「今ほど馬鹿・・・甥御さんがおっしゃったのは何の信憑性もない単なる被害妄想な嫉妬ゆえの言葉ですのでお気になさらず」
「あ、はい・・・」
「おい、夫を馬鹿呼ばわりかよ?」
「芹さんにもおめでとうございます。とお伝えください」
「ありがとう、千麻ちゃん」
「無視かよ・・・」
「ああ、それと・・・婚姻届を提出の際は離婚届を貰ってきていただけないでしょうか?」
「えっ?」
「もし可能であるなら雛華さん代筆で彼の名前とはんこ記入の済みのそれで。あとは私がさりげなく秘密裏に提出しますので」
「・・・・・」
「おい、さすがの雛華も黙ったよ千麻ちゃん」
暗に離婚の片棒を担がせるような誘いになったことに若干の反省。
まぁ、冗談であったのに私が言うとそれに聞こえなかったらしく、あの雛華さんが苦笑いで不動になった。
と、思いきや・・・。
「うん、見習いたい」
「はっ?」
「何が?」
何故か数回頷いた雛華さんがクスリと笑うと衝撃の一言。
「もう、仲良くて当てられそう」
絶句。
何をどう解釈してそう判断したのか。
唖然として口を開いたまま固まっていれば、そこは私より雛華さんに慣れている彼がくすくすと笑う。

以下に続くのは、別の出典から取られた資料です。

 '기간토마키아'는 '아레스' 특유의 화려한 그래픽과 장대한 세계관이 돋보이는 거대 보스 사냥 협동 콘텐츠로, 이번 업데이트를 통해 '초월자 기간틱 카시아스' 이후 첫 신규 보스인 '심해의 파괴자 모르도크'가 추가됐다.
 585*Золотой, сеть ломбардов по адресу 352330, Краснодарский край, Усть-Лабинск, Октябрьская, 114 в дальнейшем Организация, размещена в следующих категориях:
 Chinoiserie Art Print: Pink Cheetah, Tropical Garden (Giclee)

そして持っていた婚姻届を綺麗に元の折り目でたたんでいくと雛華さんのスーツのポケットに静かに忍ばせ、直後にネクタイグイッと掴み引き寄せるとニッと笑い声を響かせた。
「おめでとう雛華。芹ちゃんと幸せになって早く可愛い【いとこ】見せてよね」
グイッと引き寄せ至近距離による色味の違うグリーンアイ。
その両者を横から捉えて無言になる。
この時ばかりは空気のように存在を消して。
「・・・・ありがとう・・茜。・・・・どうしても、俺も芹ちゃんも茜にサインして欲しかったんだ」
「そんなの何十枚でも書いてやる」
「その回数分離婚しろとでも?」
「ははっ、しないだろ?」
「まぁ・・・・茜ちゃんみたく【離婚!】と現実で突きつけられてない?」
苦笑いでちらりとこちらに移った雛華さんの視線にわずかに気まずくなって眉根を寄せると。

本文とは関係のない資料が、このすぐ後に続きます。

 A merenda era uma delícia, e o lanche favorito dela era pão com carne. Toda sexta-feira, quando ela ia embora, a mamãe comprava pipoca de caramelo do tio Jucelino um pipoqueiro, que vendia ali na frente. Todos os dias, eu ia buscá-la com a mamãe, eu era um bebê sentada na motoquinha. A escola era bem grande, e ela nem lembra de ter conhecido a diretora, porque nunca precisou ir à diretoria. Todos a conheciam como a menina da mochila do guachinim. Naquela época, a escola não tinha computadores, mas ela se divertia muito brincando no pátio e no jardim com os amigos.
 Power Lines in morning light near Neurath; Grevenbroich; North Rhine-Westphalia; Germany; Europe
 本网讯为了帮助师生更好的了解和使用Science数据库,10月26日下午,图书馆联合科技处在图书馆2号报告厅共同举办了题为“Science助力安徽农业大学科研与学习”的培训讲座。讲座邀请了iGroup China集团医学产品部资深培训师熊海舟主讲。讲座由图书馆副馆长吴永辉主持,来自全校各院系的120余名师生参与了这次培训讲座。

彼も追って私に視線走らせどこか意地悪気に微笑み雛華さんに反論する。
「ああ、アレは愛情表現の一環だから。言われてる間は愛されてるんだよ雛華」
なんて勝手な解釈を。
と、思えど。
もうこれ以上は堂々巡りでそれこそ埒が明かないくだらない夫婦漫才。
そう判断してこみ上げた反論をごくりと飲み込んだ。